■ DATA FOR PROCESSING:
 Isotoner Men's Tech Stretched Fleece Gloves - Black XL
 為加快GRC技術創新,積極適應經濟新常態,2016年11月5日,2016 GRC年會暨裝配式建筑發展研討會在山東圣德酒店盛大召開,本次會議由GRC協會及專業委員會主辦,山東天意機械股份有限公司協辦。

--

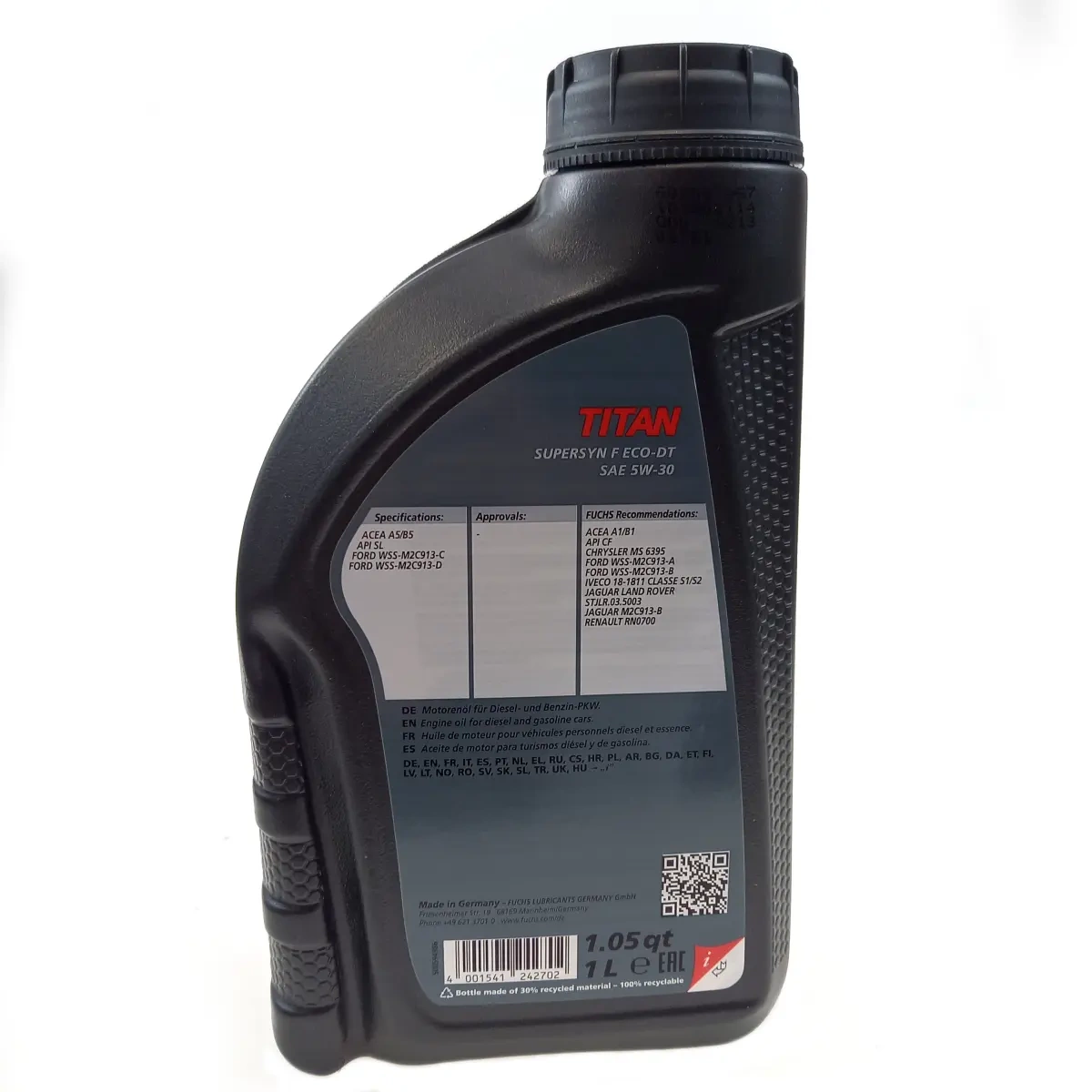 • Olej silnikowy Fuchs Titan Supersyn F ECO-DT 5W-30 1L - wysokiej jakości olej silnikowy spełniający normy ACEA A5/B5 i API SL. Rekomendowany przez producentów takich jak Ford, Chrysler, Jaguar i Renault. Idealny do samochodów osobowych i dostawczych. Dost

■ PROMPT:
Retype only the stretch of lines above starting at the one with "Isotoner Men's Tech" and stopping at the one with "為加快GRC技術創新,積極適", exactly as written, with both kept.

■ REPLY TO THE TASK:
 Isotoner Men's Tech Stretched Fleece Gloves - Black XL
 為加快GRC技術創新,積極適應經濟新常態,2016年11月5日,2016 GRC年會暨裝配式建筑發展研討會在山東圣德酒店盛大召開,本次會議由GRC協會及專業委員會主辦,山東天意機械股份有限公司協辦。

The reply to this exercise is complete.